◆ YOUR TASK:
Skip the pictures and restate, word for word, the lines from the one containing "若要在Adobe Campaign中檢視使用者,請按一下左上方的 Adobe" to the end of the data below.

(Stored items from a collection)
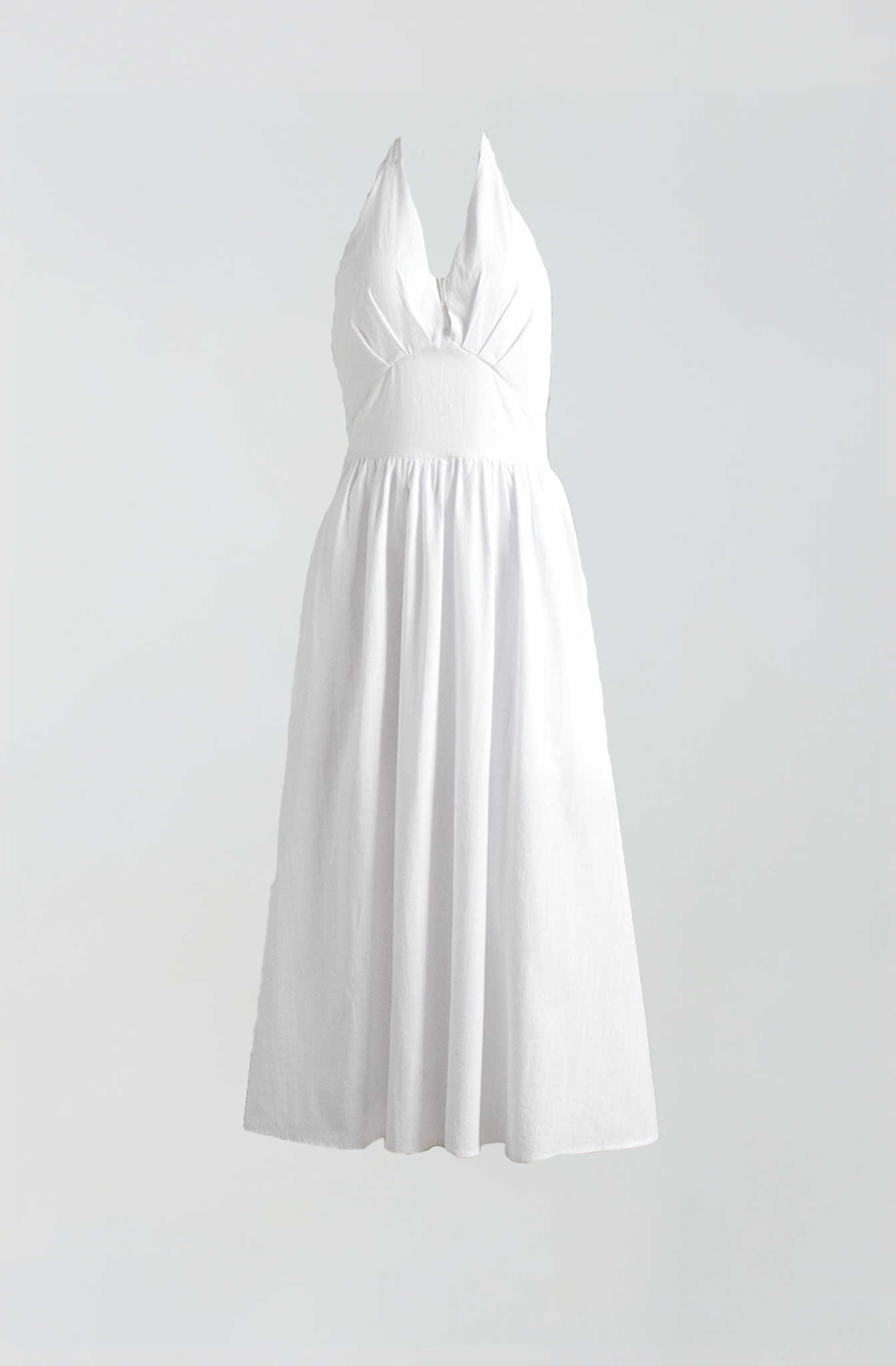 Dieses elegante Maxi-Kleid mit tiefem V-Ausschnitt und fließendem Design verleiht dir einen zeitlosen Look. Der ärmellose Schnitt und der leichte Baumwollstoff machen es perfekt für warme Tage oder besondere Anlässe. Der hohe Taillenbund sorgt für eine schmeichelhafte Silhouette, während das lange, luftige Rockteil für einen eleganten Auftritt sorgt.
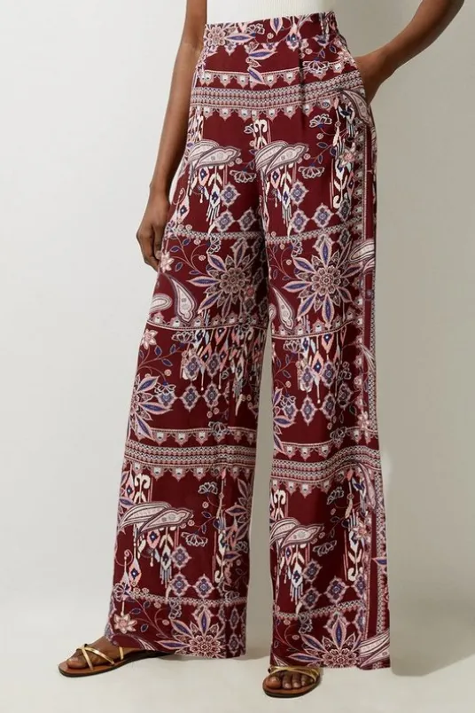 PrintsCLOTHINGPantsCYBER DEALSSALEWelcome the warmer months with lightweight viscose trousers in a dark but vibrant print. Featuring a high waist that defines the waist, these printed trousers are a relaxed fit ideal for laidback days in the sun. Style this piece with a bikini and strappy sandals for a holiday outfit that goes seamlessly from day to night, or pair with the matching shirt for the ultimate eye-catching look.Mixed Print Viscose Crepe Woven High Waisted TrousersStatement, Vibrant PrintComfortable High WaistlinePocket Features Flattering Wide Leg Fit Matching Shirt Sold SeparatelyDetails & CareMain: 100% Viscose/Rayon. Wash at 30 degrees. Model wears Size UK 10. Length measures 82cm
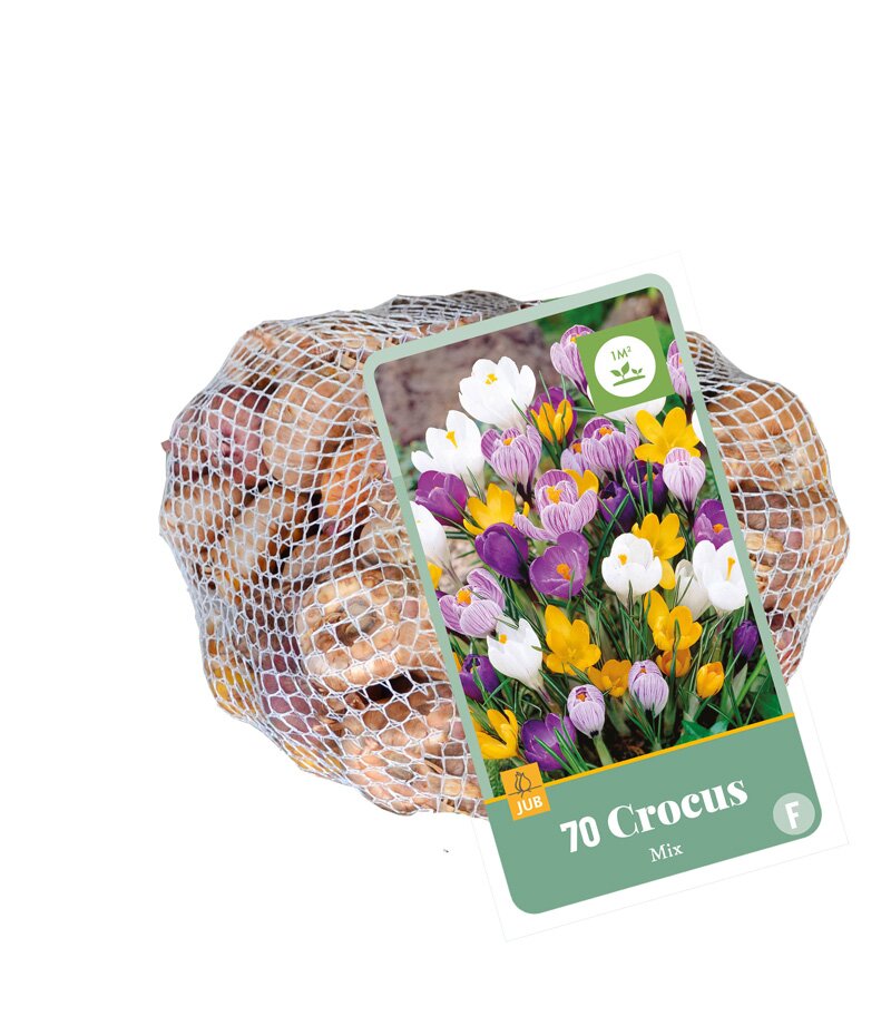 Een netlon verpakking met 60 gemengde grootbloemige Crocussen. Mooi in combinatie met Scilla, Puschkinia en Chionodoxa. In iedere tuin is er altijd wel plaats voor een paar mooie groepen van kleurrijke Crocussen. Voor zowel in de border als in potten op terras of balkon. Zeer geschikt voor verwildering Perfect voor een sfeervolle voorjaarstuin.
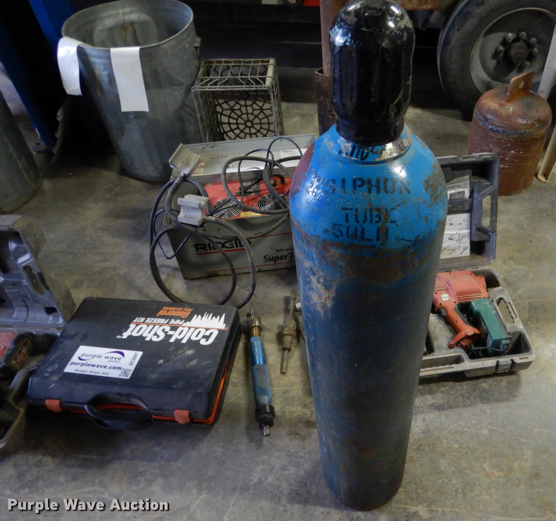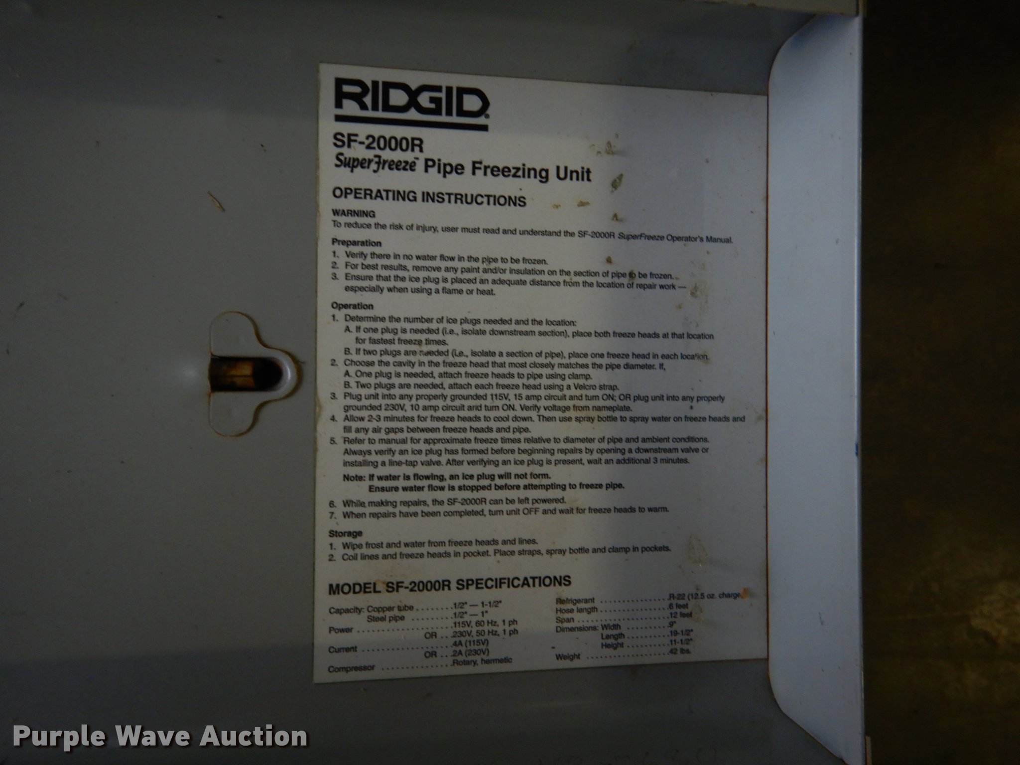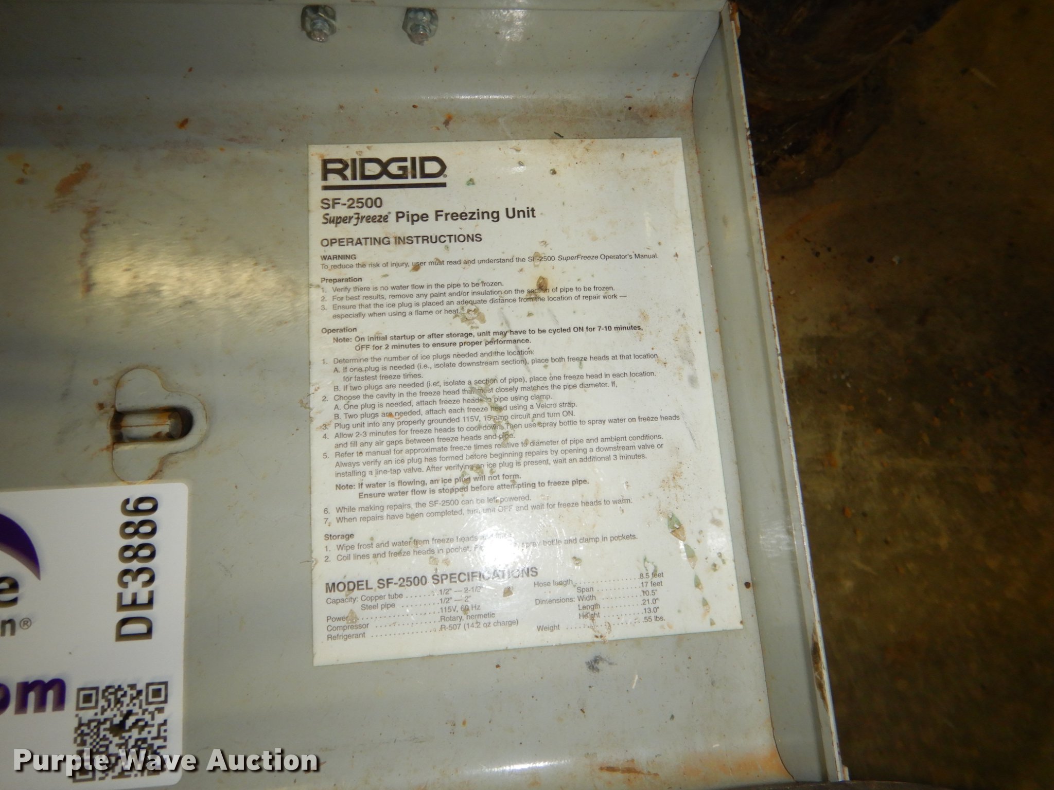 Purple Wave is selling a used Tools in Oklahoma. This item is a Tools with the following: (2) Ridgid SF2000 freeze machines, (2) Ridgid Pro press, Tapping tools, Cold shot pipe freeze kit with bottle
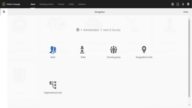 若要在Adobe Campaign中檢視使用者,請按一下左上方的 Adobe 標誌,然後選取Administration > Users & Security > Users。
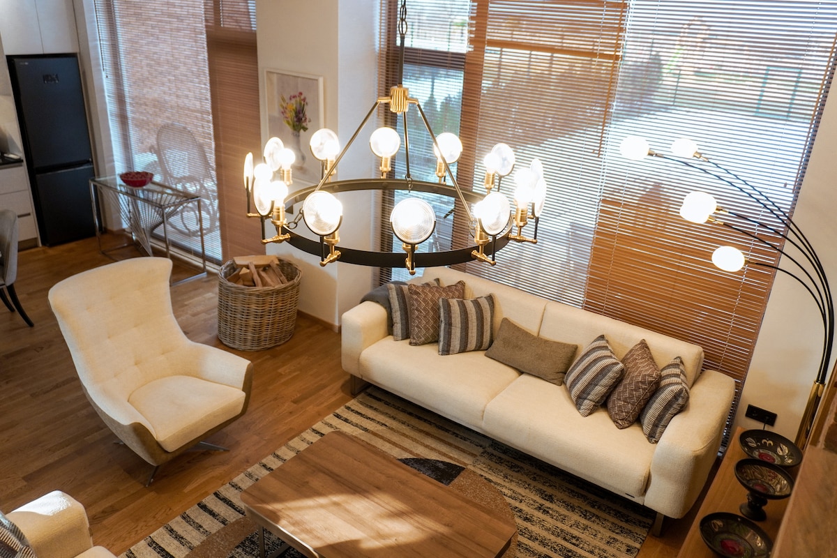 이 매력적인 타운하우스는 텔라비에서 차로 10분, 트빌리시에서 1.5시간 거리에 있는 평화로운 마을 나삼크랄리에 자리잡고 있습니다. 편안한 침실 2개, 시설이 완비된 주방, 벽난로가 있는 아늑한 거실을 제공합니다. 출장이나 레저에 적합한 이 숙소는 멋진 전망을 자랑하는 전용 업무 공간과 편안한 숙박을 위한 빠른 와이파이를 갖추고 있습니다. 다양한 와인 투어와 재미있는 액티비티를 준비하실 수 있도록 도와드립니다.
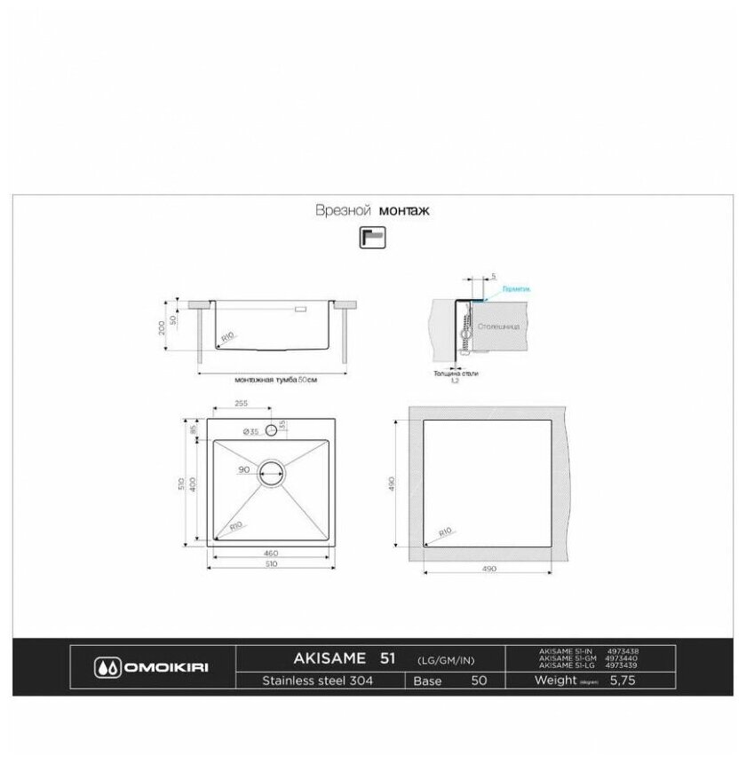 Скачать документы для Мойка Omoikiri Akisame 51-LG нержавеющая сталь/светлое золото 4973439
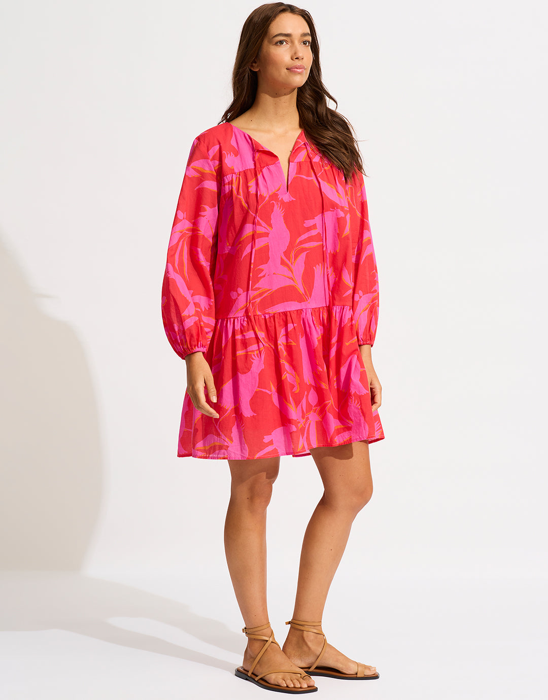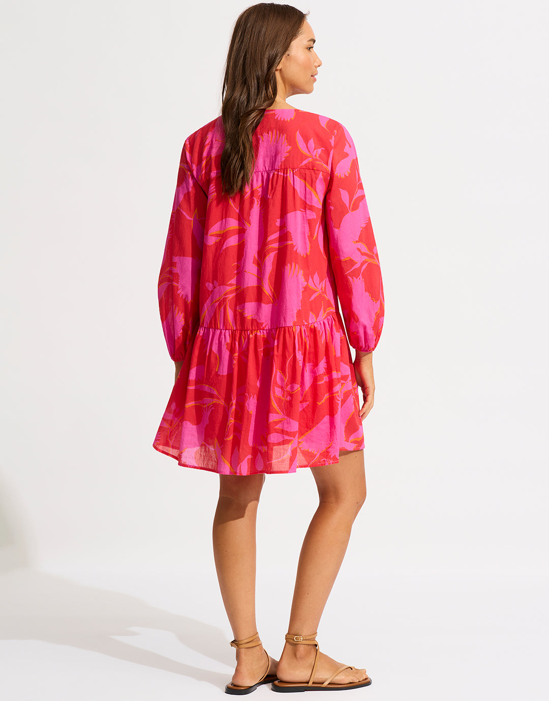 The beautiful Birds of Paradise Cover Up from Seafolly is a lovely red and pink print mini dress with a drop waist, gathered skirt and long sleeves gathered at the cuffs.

◆ RESULT OF THE EXERCISE:
 若要在Adobe Campaign中檢視使用者,請按一下左上方的 Adobe 標誌,然後選取Administration > Users & Security > Users。
 이 매력적인 타운하우스는 텔라비에서 차로 10분, 트빌리시에서 1.5시간 거리에 있는 평화로운 마을 나삼크랄리에 자리잡고 있습니다. 편안한 침실 2개, 시설이 완비된 주방, 벽난로가 있는 아늑한 거실을 제공합니다. 출장이나 레저에 적합한 이 숙소는 멋진 전망을 자랑하는 전용 업무 공간과 편안한 숙박을 위한 빠른 와이파이를 갖추고 있습니다. 다양한 와인 투어와 재미있는 액티비티를 준비하실 수 있도록 도와드립니다.
 Скачать документы для Мойка Omoikiri Akisame 51-LG нержавеющая сталь/светлое золото 4973439
 The beautiful Birds of Paradise Cover Up from Seafolly is a lovely red and pink print mini dress with a drop waist, gathered skirt and long sleeves gathered at the cuffs.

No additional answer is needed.